TASK DIRECTIONS:
Write each line of the material exactly as given, from the top through the line that contains "項目每戶享有專屬升降機大堂,私隱度高。第", and omit all pictures.

RECORDED DATA:

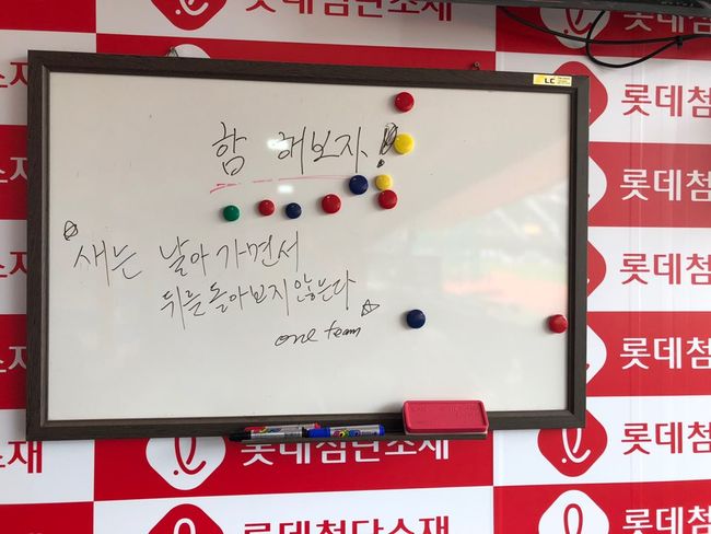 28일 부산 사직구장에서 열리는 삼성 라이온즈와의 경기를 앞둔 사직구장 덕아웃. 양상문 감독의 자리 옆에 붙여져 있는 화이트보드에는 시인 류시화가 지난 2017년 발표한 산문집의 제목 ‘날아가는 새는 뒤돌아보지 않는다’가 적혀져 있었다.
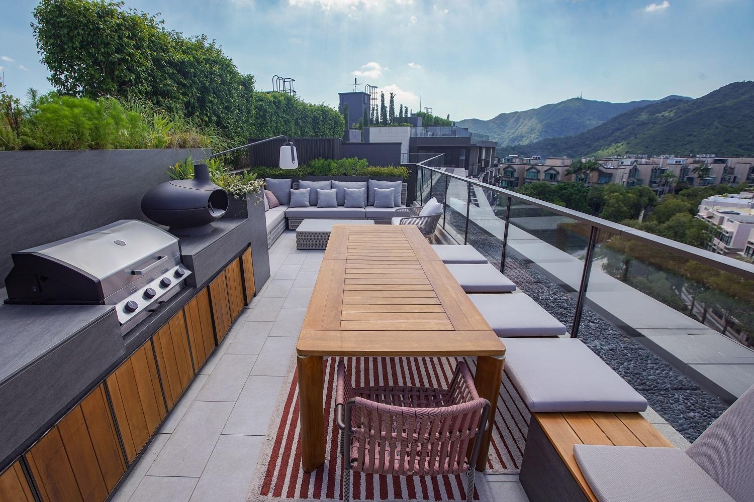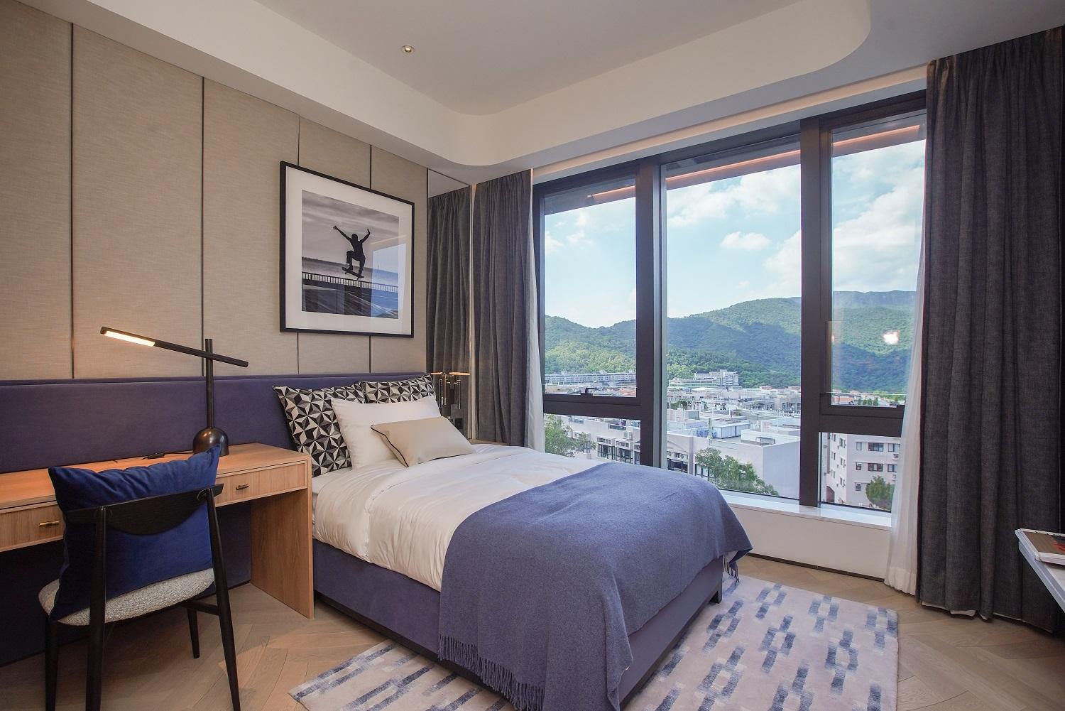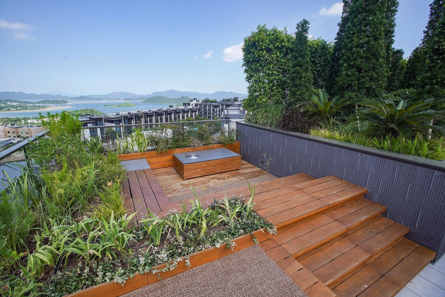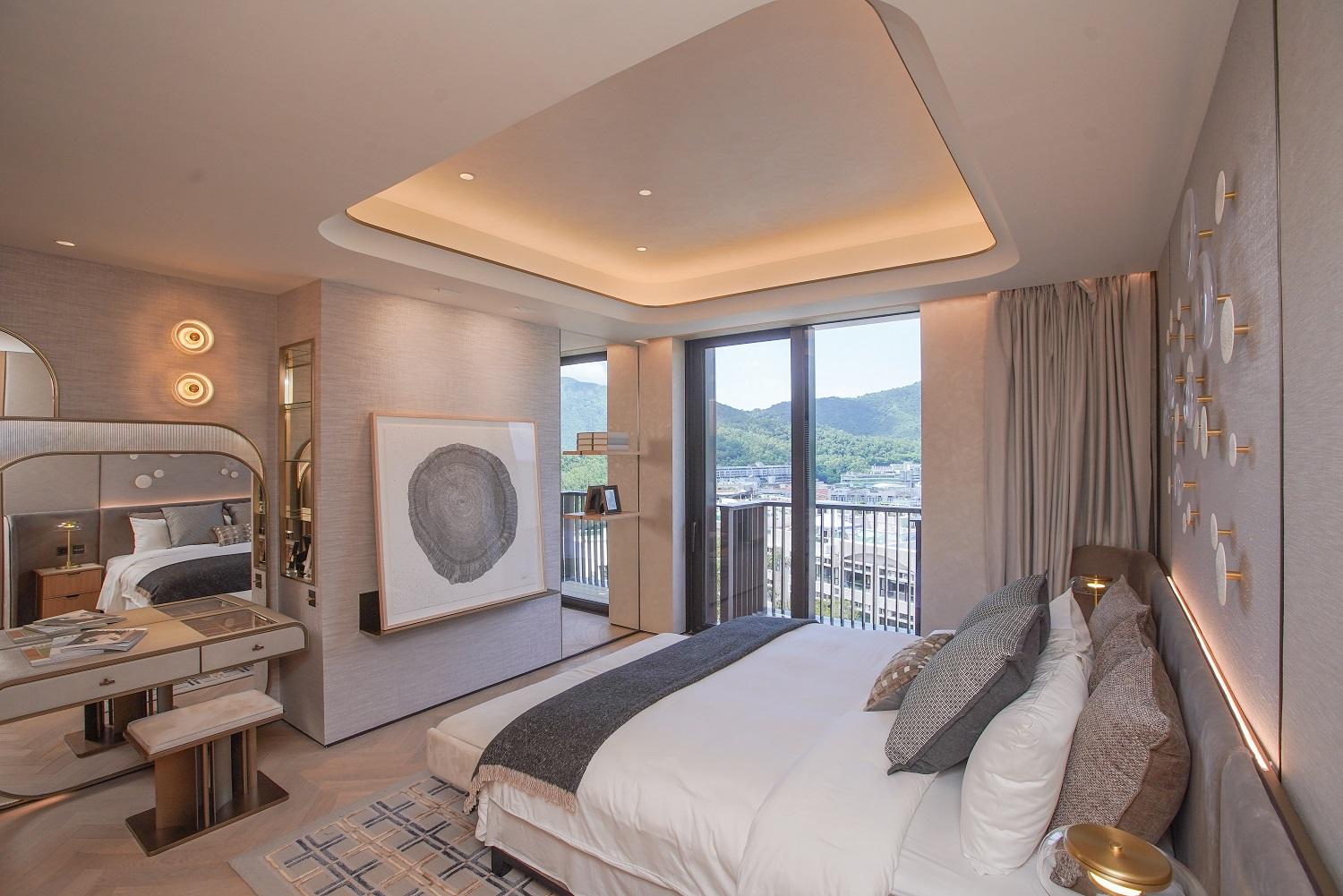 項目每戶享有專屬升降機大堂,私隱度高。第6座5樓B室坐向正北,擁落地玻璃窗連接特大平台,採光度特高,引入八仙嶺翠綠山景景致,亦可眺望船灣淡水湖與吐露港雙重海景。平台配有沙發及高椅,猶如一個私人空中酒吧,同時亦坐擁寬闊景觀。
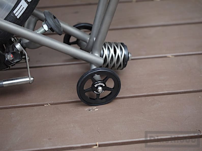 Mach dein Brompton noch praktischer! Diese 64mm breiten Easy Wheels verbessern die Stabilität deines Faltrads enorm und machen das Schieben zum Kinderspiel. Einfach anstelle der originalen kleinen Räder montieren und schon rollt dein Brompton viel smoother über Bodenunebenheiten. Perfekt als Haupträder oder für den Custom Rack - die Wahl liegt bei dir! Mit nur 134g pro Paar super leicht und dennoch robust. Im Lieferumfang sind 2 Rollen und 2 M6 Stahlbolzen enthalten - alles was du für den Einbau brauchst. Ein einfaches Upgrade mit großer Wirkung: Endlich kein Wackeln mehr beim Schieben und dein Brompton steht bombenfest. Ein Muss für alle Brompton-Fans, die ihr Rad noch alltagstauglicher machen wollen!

YOUR SOLUTION:
 28일 부산 사직구장에서 열리는 삼성 라이온즈와의 경기를 앞둔 사직구장 덕아웃. 양상문 감독의 자리 옆에 붙여져 있는 화이트보드에는 시인 류시화가 지난 2017년 발표한 산문집의 제목 ‘날아가는 새는 뒤돌아보지 않는다’가 적혀져 있었다.
 項目每戶享有專屬升降機大堂,私隱度高。第6座5樓B室坐向正北,擁落地玻璃窗連接特大平台,採光度特高,引入八仙嶺翠綠山景景致,亦可眺望船灣淡水湖與吐露港雙重海景。平台配有沙發及高椅,猶如一個私人空中酒吧,同時亦坐擁寬闊景觀。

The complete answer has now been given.